Amazon has just come out with a new payment system that allows people to purchase goods with their palms. And while the system, dubbed Amazon One, will undoubtedly make paying easier for some people, the concept—let’s be honest—still sounds a little bit sus. To weigh the net effect the tech may have on society, here is a list of the pros and cons of Amazon One.
Pro: It’s Very Convenient
Amazon says the aim of Amazon One is to provide “a fast, convenient, contactless way” for people to use their palm to pay for things. The company says it can be used for “everyday activities,” including paying at stores, entering stadiums, badging into work, and presenting an Amazon loyalty card.
Con: It Makes You a Scannable Loyalty Member
Referring to yourself as a “loyal member” of Amazon and using your palm to pay sounds a little, shall we say, clingy?
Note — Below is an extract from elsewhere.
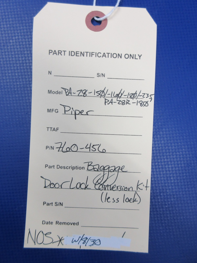 Piper PA-28-150 / -160 / -180 / -235, PA-28R-180 Baggage Door Lock Conversion Kit. Kit conplete, Less lock. P/N 760-456. NEW OLD STOCK. With 8130. Guaranteed to pass inspection or your money back.

Not to mention there’s the question of which part of one’s person the company will want to scan next. (It could all begin to feel very 1984 Macintosh commercial, if you know what’ we’re saying.)
Pro: It’s Contactless
People have been especially concerned with hygiene during this dumpster fire of a year, so the fact One is contactless is a big tick in the pro column. Not to mention there has to be some—not insignificant—amount of time people save when paying at stores.
Con: It Makes You “One” with Amazon
It’s not exactly clear what the impetus was for the Amazon One moniker, but it could be misconstrued as very symbiotic. In a way that doesn’t sound so fun. It’s easy to imagine, for example, people telling their friends they’ve “just become one with Amazon.”
Pro: It’s a Secure Form of Payment
Amazon has chosen palm recognition because it’s impossible to identify a person by looking solely at their palm. This form of payment also requires an intentional gesture, minimizing unintended purchases.
Con: An IRL Bender Could Chop Off Your Hand
This con may sound a bit ridiculous, but hang with us here. In theory, somebody could sever and steal a One member’s hand. And while the odds of that happening in reality are approximately zero, there is an IRL Bender somewhere out there. And we all know what Bender’s willing to do if he’s motivated enough.
IRL Bender aside, and in all seriousness, there could be significant privacy issues with this kind of technology. Amazon is in the midst of developing other types of recognition technology as well, and this is just more personal data the company will now have on people. Ultimately, it’ll be up to consumers to decide to whom they’ll pledge their loyalty, and their palms.